What was I talking about?
Oh, secondly, I read because there's something that interests me in the topic or story. Really I guess I also will read something if I simply love the story, but that's rare (except with Narnia <3)
Don't get me wrong, I love stories and their messages and books, but the actual act of reading is hard for me.
Uhm...
Right, Escapism. Some people use reading as a form of escapism. It makes me think too much. I think too much about my writings when I read. I don't play adventure games or RPGs to escape either. Again, I think too much about writings when I play those, usually because of the action and wonderful stories.
What do I do to escape? I play Harvest Moon.
I have a weird relationship with the Harvest Moon series of games. I love them so, so much. But they make me sad. Melancholy, I suppose is the better word. Not so much now as they used to, but I still feel weird when I play.
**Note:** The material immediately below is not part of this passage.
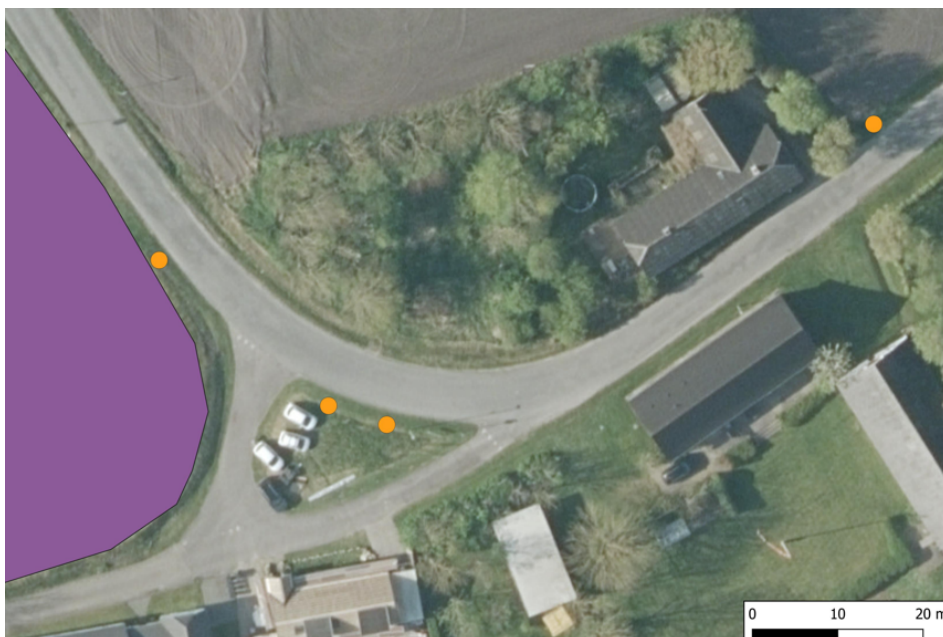
Figur 2 Placering af færdselstavler i relation til det fredede fortidsminde, som er markeret med lilla.

Ansøgning om opsætning af færdselstavlerne er sket i dialog med Slots- og Kulturstyrelsen samt UNESCO Site Manager fra Vesthimmerlands Museum. Slots og Kulturstyrelsen har oplyst, at for så vidt angår 2-meter zonen til det fredede fortidsminde, gælder alene forbud mod dyrkning og detektorbrug, hvorfor projektet kun skal behandles af kommunen efter naturbeskyttelseslovens § 18 og § 65.
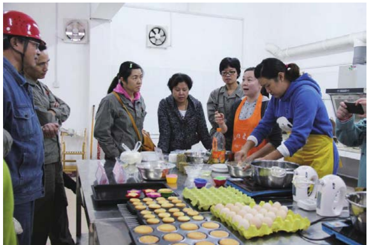
工会举办“玩转烘焙 DIY、乐享慢生活”烘焙初级培训班。培训班由中板厂一位自学烘焙技艺的女职工担任教师，在轻松欢快的氛围中教大家制作初级蜂蜜蛋糕的方法，学员们纷纷亲手试制。图为职工现场交流烘焙技艺。

进行慰问，发放防暑降温药茶；给特殊岗位女工小组配备、补充了小药箱，缓解了高温等特殊环境给女职工带来的不适感，两项药品购买共计 45820 元。按照集体合同的规定，全年共给近 3800 名女职工发放保健用品达 148 万元，从根本上保护了女职工的特殊权益。

For those of you who don't know, Harvest Moon is a game series where you run a farm. You grow crops, raise animals, befriend the villagers, expand your house and marry any one of several possible mates which are available for courtship. It's kind of like Farm Sim meets Dating Game.
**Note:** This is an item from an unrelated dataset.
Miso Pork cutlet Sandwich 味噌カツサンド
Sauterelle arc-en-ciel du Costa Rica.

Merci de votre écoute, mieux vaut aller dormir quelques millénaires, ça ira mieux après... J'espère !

I can sit down and blow hours watering, harvesting, caring for cows, mining ore, giving presents to the girl I like. I never get tired of it. Once while I was on vacation, I sat down one morning and beat the first game of the series in 13 hours, only stopping to get food. I was sick at the time though.
I'm very weird about my preferences in women. Part of me is quiet and shy and wants a girl that is active and loud and will get me to do things. Another part of me is confident and in control and wants a girl that's quiet, so that I can take her hand bring her out into the world.
In Harvest Moon: Friends of Mineral Town (which I am currently playing again) I married Karen my first time playing. Karen is a loud, dominant red-head who likes to get drunk from time to time. I think maybe since I was new to the game, I wanted someone more controlling.
On this time playing, however, I went the opposite way. I am currently courting Mary, the librarian, who's awkward and shy, but very cute. Maybe it's because I know this game inside and out and am feeling more confident?
The weirdest thing is that I have a girlfriend, :devbasilfaery: and she doesn't fit either category at all, but I'm perfectly happy. When I played when I was younger I dreamed of growing up, moving to the country and living happily with a cute, shy little wife (I was really weird in middle school), but now, I don't think about that at all. I like where I'm going in life, and I can't wait to get there.